Denn so funktioniert Musik. Es kommt nur darauf an, mit welcher Absicht und mit welchen Inhalten sie gespielt oder gesungen wird. Lernen Kinder von Kleinauf in Liedern, dass die Welt ein Jammertal sei, werden sie das glauben. Das ist aber nicht gut. Darum singe ich das auch mit Chorkindern oder meinen eigenen nicht mehr. Ich bin aber auch nicht dafür, dass man flache Firlefanzlieder singt. Wir Menschen brauchen Lieder, die uns in der Tiefe berühren und es dort hell machen (Laterne, sic!). Ob es nun frohe, lustige oder ernstere Lieder sind. Sind Lieder so, können verlorene Seelenanteile allein durchs Singen zurückkehren.

Bin ich traurig oder froh, sing ich los, ganz einfach so, dafür muss man natürlich ein paar passende Lieder für die jeweilige Situation parat haben. Nicht auf CD. Sondern im Kopf, zum Selbersingen. Irgendeins fällt dir bestimmt ein. Dann sing das heute mal und sei Dir dabei bewusst, dass während des Singens mindestens ein verlorenes Seelenteil zu Dir zurückkommen wird.

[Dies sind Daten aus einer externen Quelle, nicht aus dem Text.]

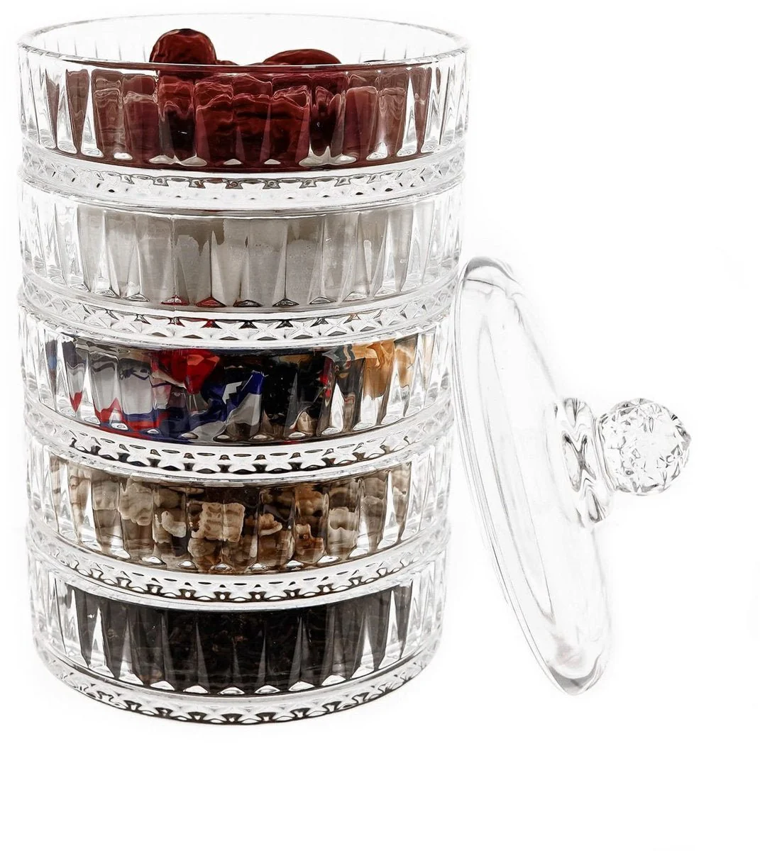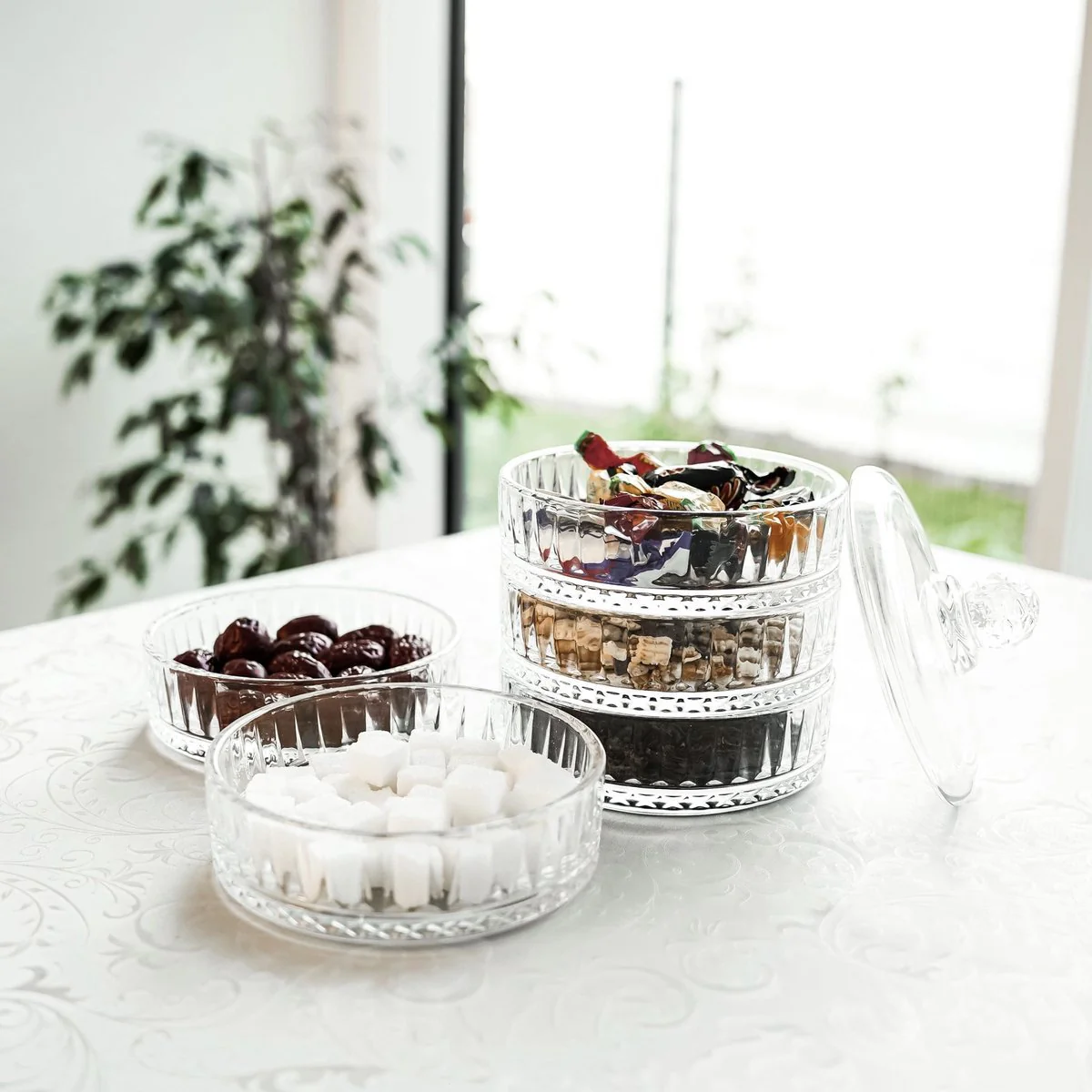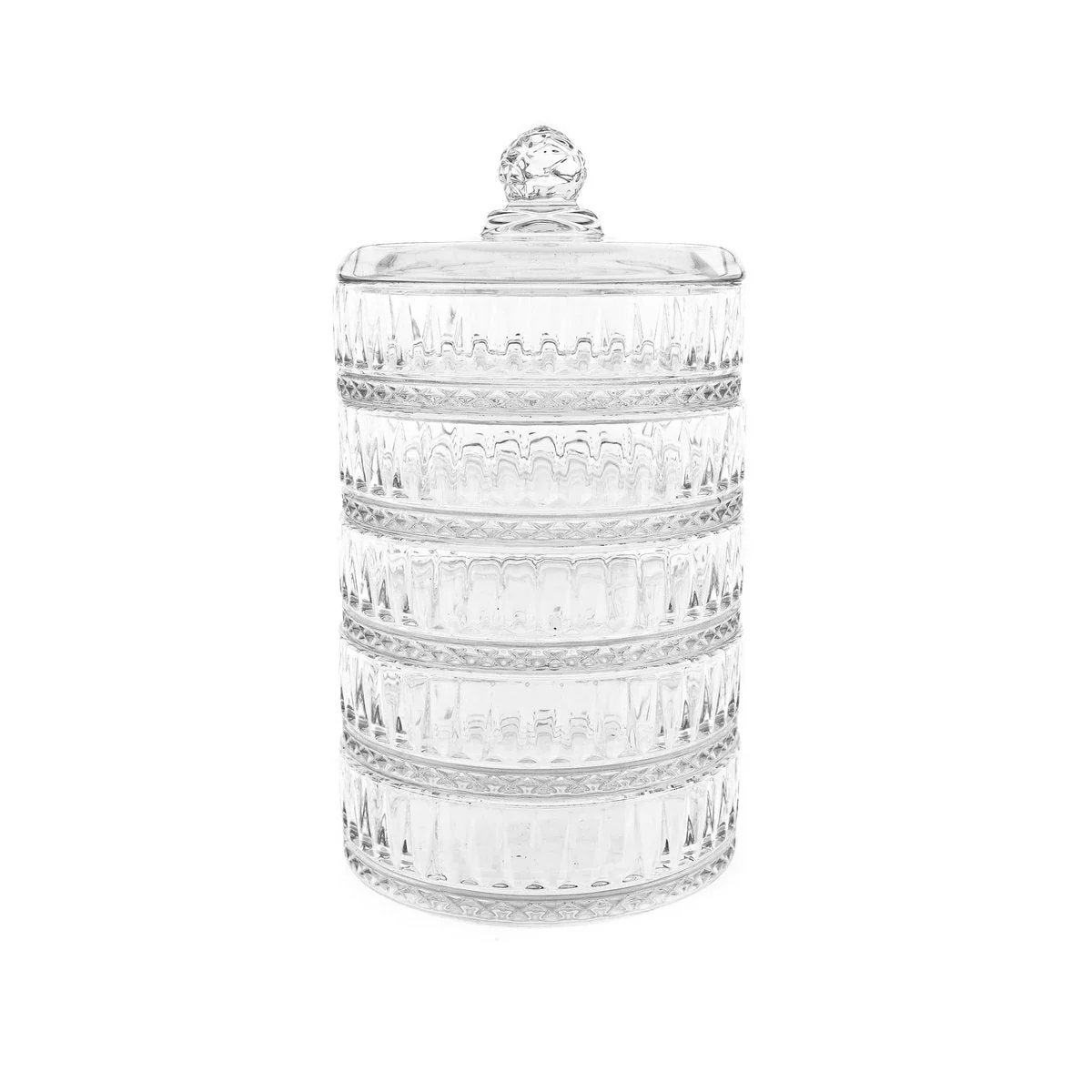Geef je lekkernijen een stijlvolle plek met de Almina Elisa bonbonnière – een elegante 5-laagse glazen voorraadpot met deksel. Dankzij het slimme, stapelbare ontwerp bespaar je ruimte zonder in te leveren op uitstraling. Het verfijnde riffelpatroon geeft de pot een moderne en luxe uitstraling, ideaal voor het presenteren van snoep, koekjes, noten of kleine desserts op tafel of in de keuken.
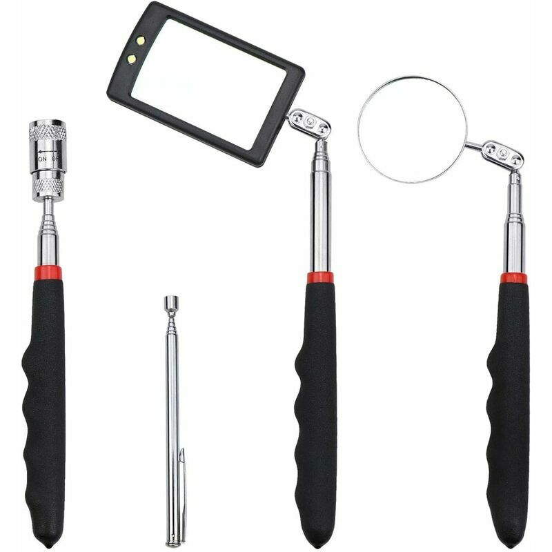 Contenuto della confezione: include 4 strumenti di raccolta magnetica per vari usi, 1 strumento di raccolta magnetica da 8 libbre (con luce LED), 1 strumento di raccolta magnetica da 1 libbra, 1 specchio di ispezione rotondo e 1 specchio di ispezione quadrato con LED leggero.< br> 【Manico telescopico & 】 Quattro strumenti di raccolta hanno sezioni telescopiche, puoi regolare la lunghezza desiderata e il design girevole a 360 gradi può essere posizionato a qualsiasi angolazione per sbirciare facilmente in quelle aree difficili da vedere e da raggiungere. br/ > 【Con luce a LED】 Lo strumento di raccolta da 8 libbre e lo specchio di ispezione quadrato sono dotati di luci a LED, molto convenienti per trovare o raccogliere perdite, crepe, strumenti persi nello spazio buio o ristretto. 【Forte magnete】 Lo strumento di prelievo magnetico ha una capacità di raccolta magnetica di 8 libbre (circa 3,63 kg). è abbastanza forte da contenere piccole parti metalliche e non oscilla quando viene

Weil es da wieder hin möchte, wo so schöne Musik erklingt – und weil es dort zu Hause ist, bei Dir.

Mit der Bedeutung von „Buße“, wie das allgemein verstanden wird, hat Luther uns übrigens einen Bärendienst erwiesen. Denn er hat es als „Schrecken und gläubige Reue“ verstanden. Dabei ist die eigentliche Bedeutung ganz anders., nämlich „Abkehr von nicht segensvollen menschlichen Handlungen“ (hebräisch: schub) oder Sinneswandel bzw. Umdenken (griechisch metanoia). Naja, und umdenken muss man ja wirklich, wenn es ums Zurückholen von Seelenanteilen geht. Es ist nämlich eine zutiefst menschliche segensvolle Handlung, die auf vielfältige Art und Weise funktioniert. Heute halt mal singend.

Die letzte Strophe des Liedes heißt übrigens: Ich kenne viele Leute, ich auch, ich auch, ich auch. Morgen noch mehr als heute, ich auch, ich auch, ich auch. Wenn wir miteinander singen, wird der Welt das Frieden bringen, ich kenne viele Leute, ich auch, ich auch, ich auch.